With NetworkX, I now create a graph object by using the function to read from a Pandas dataframe, identified as an edgelist that displays connections from organizations to categories. Organizations here are the Parliamentary groups asking the questions or Commission services answering the questions, and categories are a coding scheme of frames that identify brain drain as a specific type of problem and suggested solutions to the problem. I also read the dates associated with each occurence of a statement to timestamp all the edges. The "STAGE" attribute groups dates into stages 1, 2, or 3 as identified in the table showing the total amount of questions. I can also store the actual text of each statement as metadat for each edge.

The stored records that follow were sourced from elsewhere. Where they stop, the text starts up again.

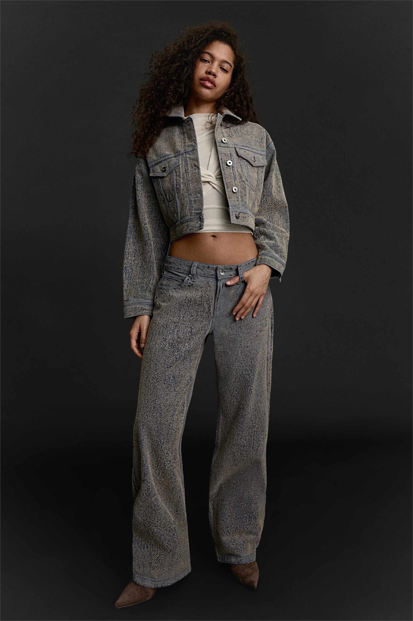 Джинсы с текстурированной поверхностью, низкой посадкой и прямыми брючинами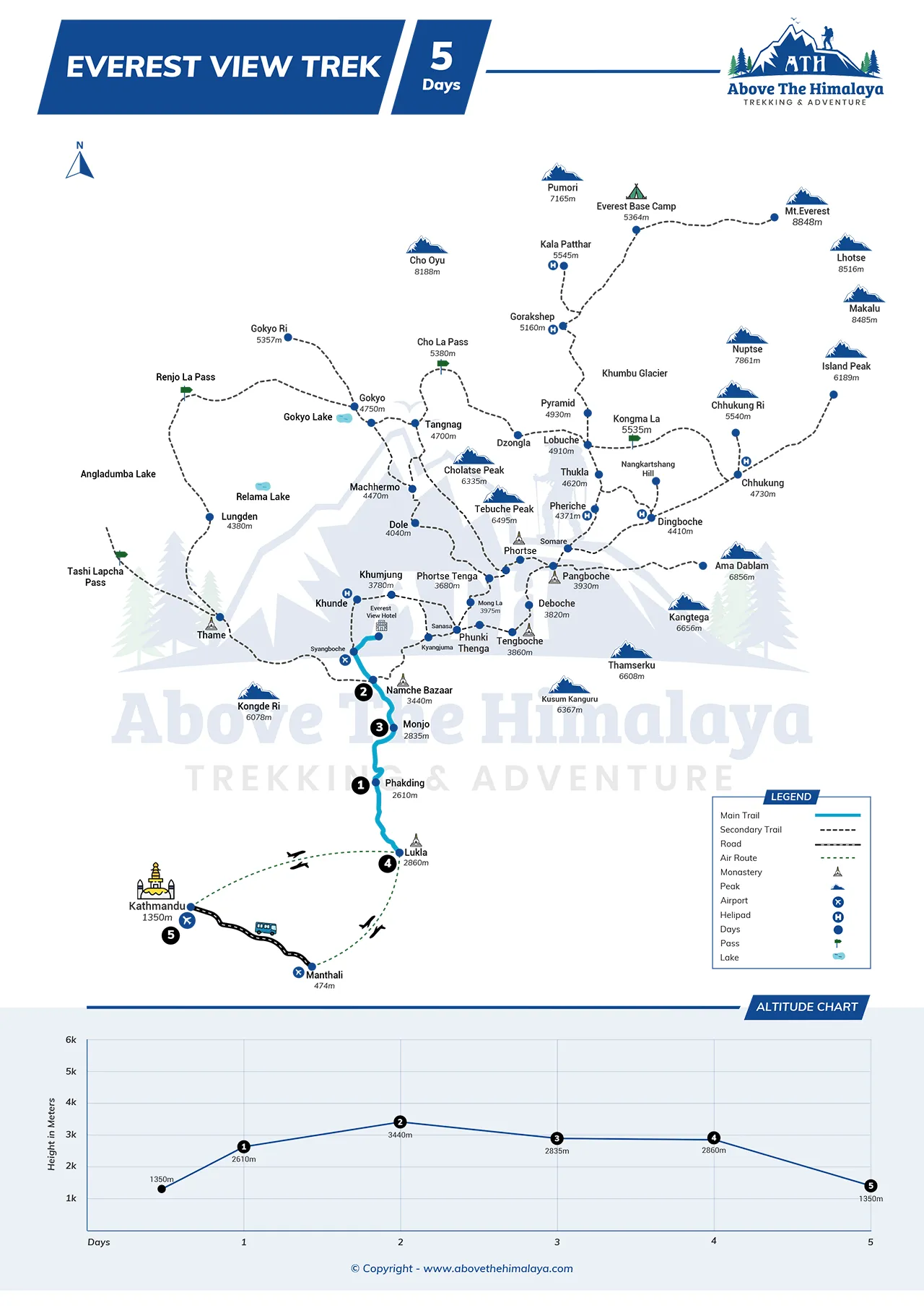 Trekking to Everest View with a guide is normally secure for all trekkers. By following a slow pace along with hydration at each stage of the trek a person can manage the risks of altitude sickness.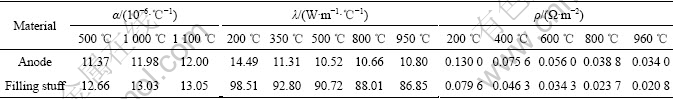 Table 1 Thermal expansion coefficient, heat transfer coefficient and resistivity of anode and filling stuff at different temperatures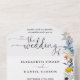 Faire-part de mariage tout-en-un avec jolies fleurs de jardin et typographie élégante. L'invitation comprend une carte RSVP perforée avec les détails de votre site Web mariage et le code QR. Conçu par Thisisnotme©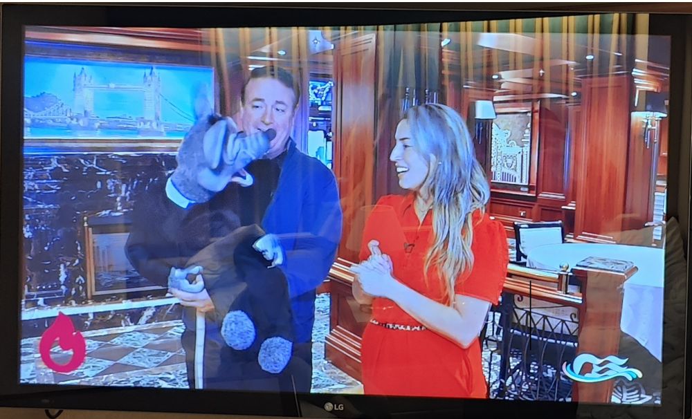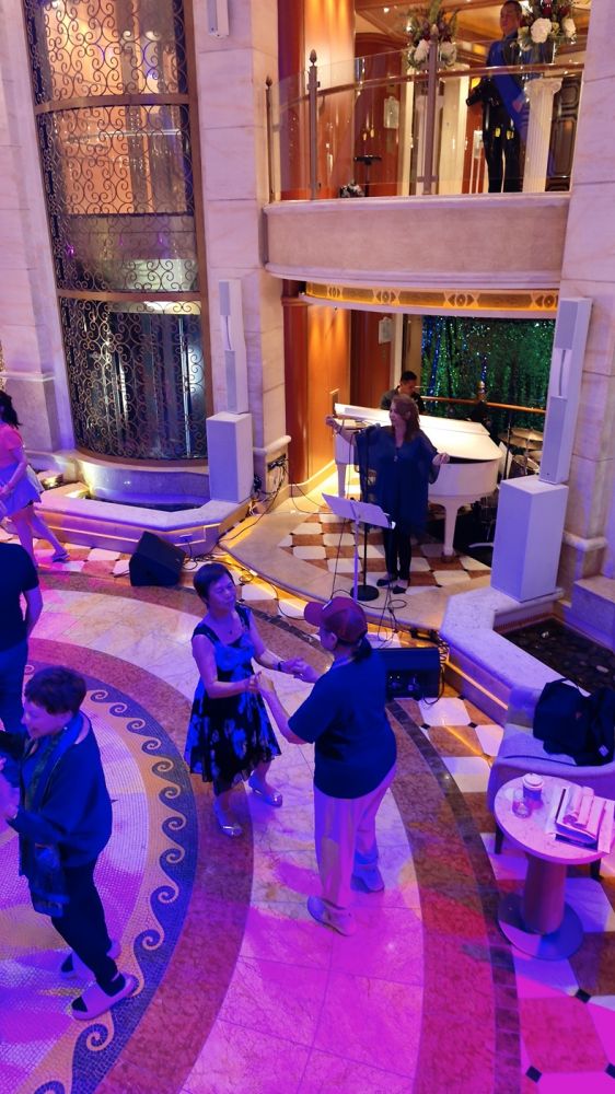 今天的晚餐是正装(formal night)。米国佬农民,不像大英帝国的煎透馒(gentlemen),西装领带甚至燕尾服。公主游轮公司的解释就是男的休闲外套或运动外套(sports coat)即可,领带爱打不打,至少请穿有领子的衬衫。

The printed info tells us that the amount of edges corresponds to the number of statements I identified (the number of rows in the dataframe), and the amount of nodes corresponds to the number of organizations plus frames. I use MultiGraph to allow several edges to exist between the same nodes. 

In [33]:
G = nx.from_pandas_edgelist(df,
                            source="ORGANIZATION",
                            target="CATEGORY",
                            edge_attr=["STAGE", "TEXT", "DATE"],
                            create_using=nx.MultiGraph(),
                            )

print(nx.info(G))

Name: 
Type: MultiGraph
Number of nodes: 53
Number of edges: 675
Average degree:  25.4717


The graph should be a two-mode network where all organizations connect only to categories. We can check for this with the nx.is_bipartite() function. If it returns "True", the graph is bipartite.

In [34]:
nx.is_bipartite(G)

True

We can also check to see whether the edges are correctly timestamped by listing the edges and reading their associated data. (Slicing to just check the first 5 entries.)

In [35]:
list(G.edges(data=True))[:5]

[('EPP',
  'Problem - Third country emigration',
  {'DATE': Timestamp('1999-02-11 00:00:00'),
   'STAGE': 1,
   'TEXT': 'Participation in international education and training on the one hand, and the demand from companies for qualified staff with international experience on the other, have stimulated interest in working abroad amongst young scientists. The USA is the principal destination of European emigrants, and most of them have executive and management posts. It should also be stressed that approximately 50 % of all Europeans who complete a degree in the USA remain in that country for a longer period, and even for good, with European Ph.Ds staying there much longer on average than their Korean or Japanese counterparts'}),
 ('EPP',
  'Problem - Third country emigration',
  {'DATE': Timestamp('2003-04-02 00:00:00'),
   'STAGE': 1,
   'TEXT': 'According to a recent Commission report, nearly 75 % of European PhD students in the United States envisage staying there after gaining their 

### Storing node attributes

I should find out which nodes are categories and which are persons. I can use NetworkX's bipartite algorithms for this. 

In [36]:
bottom_nodes, top_nodes = bipartite.sets(G)
print(list(bottom_nodes))
print(list(top_nodes))

['DG Regio', 'EPP', 'DG Research', 'ALDE', 'DG Home', 'DG Sanco', 'DG Trade', 'ITS', 'European Council', 'ECR', 'Greens/EFA', 'EFD', 'European Commission', 'DG EAC', 'DG Employment', 'ENF', 'DG Justice', 'UEN', 'GUE/NGL', 'EFDD', 'DG Development', 'S&D', 'External Action', 'Independent', 'DG Enlargement', 'DG Ecfin']
['Solution - Refutation', 'Problem - Southern drain', 'Solution - Job creation', 'Solution - Restrict mobility', 'Solution - R&D', 'Problem - Economic crisis', 'Problem - Skills and training', 'Problem - R&D', 'Problem - Shortages', 'Problem - Eastern drain', 'Solution - Skills and training', 'Problem - Competitiveness', 'Solution - Member States', 'Problem - Demographics', 'Solution - Austerity', 'Solution - Private sector', 'Solution - Harmonization', 'Problem - Working conditions', 'Problem - Youth unemployment', 'Solution - Cohesion policy', 'Solution - Working conditions', 'Problem - Third country emigration', 'Problem - Austerity', 'Solution - Increase mobility', 'So

Looking at the lists, we can see that bottom_nodes are organizations and top_nodes are frames. 

In [42]:
organizations = bottom_nodes
frames = top_nodes
print('Number of organizations: ' + str(len(organizations)))
print('Number of frames: ' + str(len(frames)))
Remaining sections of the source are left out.